= Beginning of Section =

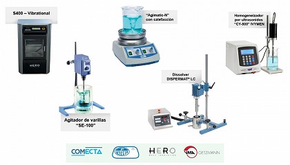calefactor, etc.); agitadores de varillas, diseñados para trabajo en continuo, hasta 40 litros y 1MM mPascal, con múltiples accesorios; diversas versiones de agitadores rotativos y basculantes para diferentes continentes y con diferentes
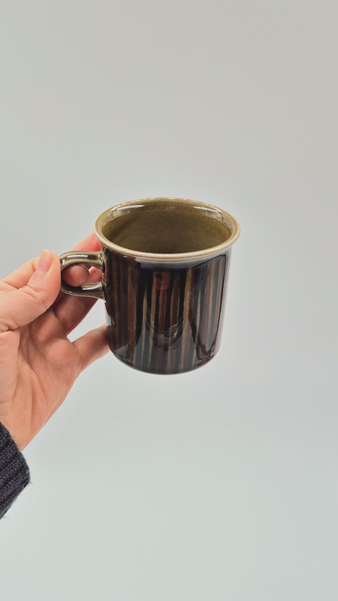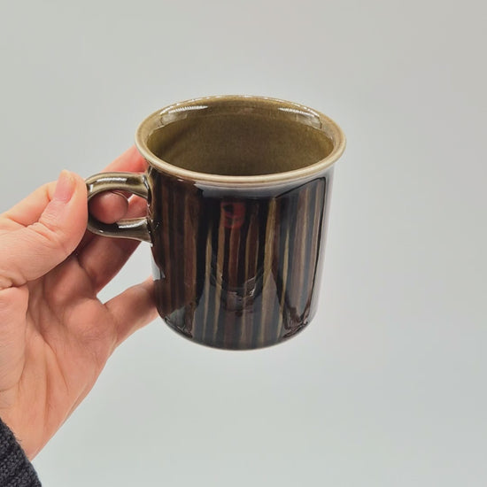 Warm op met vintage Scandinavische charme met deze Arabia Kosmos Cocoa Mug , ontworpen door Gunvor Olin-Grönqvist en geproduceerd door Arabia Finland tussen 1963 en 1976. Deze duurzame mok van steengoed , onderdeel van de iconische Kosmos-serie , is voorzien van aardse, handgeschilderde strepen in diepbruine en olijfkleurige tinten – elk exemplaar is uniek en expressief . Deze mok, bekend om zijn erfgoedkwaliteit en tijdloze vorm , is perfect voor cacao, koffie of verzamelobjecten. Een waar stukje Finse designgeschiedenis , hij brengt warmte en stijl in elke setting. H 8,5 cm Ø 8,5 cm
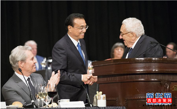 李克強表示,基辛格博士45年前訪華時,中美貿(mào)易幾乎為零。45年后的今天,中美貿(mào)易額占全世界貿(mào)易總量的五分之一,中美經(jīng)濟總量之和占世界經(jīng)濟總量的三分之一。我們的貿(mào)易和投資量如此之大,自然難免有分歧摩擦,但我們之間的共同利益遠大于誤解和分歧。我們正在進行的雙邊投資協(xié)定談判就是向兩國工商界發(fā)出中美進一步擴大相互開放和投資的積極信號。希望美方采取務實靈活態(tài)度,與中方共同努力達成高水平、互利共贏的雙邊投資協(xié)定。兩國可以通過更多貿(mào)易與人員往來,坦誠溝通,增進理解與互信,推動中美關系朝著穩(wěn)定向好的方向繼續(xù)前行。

= End of Section =

> **PROBLEM REQUIREMENTS**
The whole listing above is to be printed exactly; the pictures stay out.

> **RESPONSE AREA**
calefactor, etc.); agitadores de varillas, diseñados para trabajo en continuo, hasta 40 litros y 1MM mPascal, con múltiples accesorios; diversas versiones de agitadores rotativos y basculantes para diferentes continentes y con diferentes
 Warm op met vintage Scandinavische charme met deze Arabia Kosmos Cocoa Mug , ontworpen door Gunvor Olin-Grönqvist en geproduceerd door Arabia Finland tussen 1963 en 1976. Deze duurzame mok van steengoed , onderdeel van de iconische Kosmos-serie , is voorzien van aardse, handgeschilderde strepen in diepbruine en olijfkleurige tinten – elk exemplaar is uniek en expressief . Deze mok, bekend om zijn erfgoedkwaliteit en tijdloze vorm , is perfect voor cacao, koffie of verzamelobjecten. Een waar stukje Finse designgeschiedenis , hij brengt warmte en stijl in elke setting. H 8,5 cm Ø 8,5 cm
 李克強表示,基辛格博士45年前訪華時,中美貿(mào)易幾乎為零。45年后的今天,中美貿(mào)易額占全世界貿(mào)易總量的五分之一,中美經(jīng)濟總量之和占世界經(jīng)濟總量的三分之一。我們的貿(mào)易和投資量如此之大,自然難免有分歧摩擦,但我們之間的共同利益遠大于誤解和分歧。我們正在進行的雙邊投資協(xié)定談判就是向兩國工商界發(fā)出中美進一步擴大相互開放和投資的積極信號。希望美方采取務實靈活態(tài)度,與中方共同努力達成高水平、互利共贏的雙邊投資協(xié)定。兩國可以通過更多貿(mào)易與人員往來,坦誠溝通,增進理解與互信,推動中美關系朝著穩(wěn)定向好的方向繼續(xù)前行。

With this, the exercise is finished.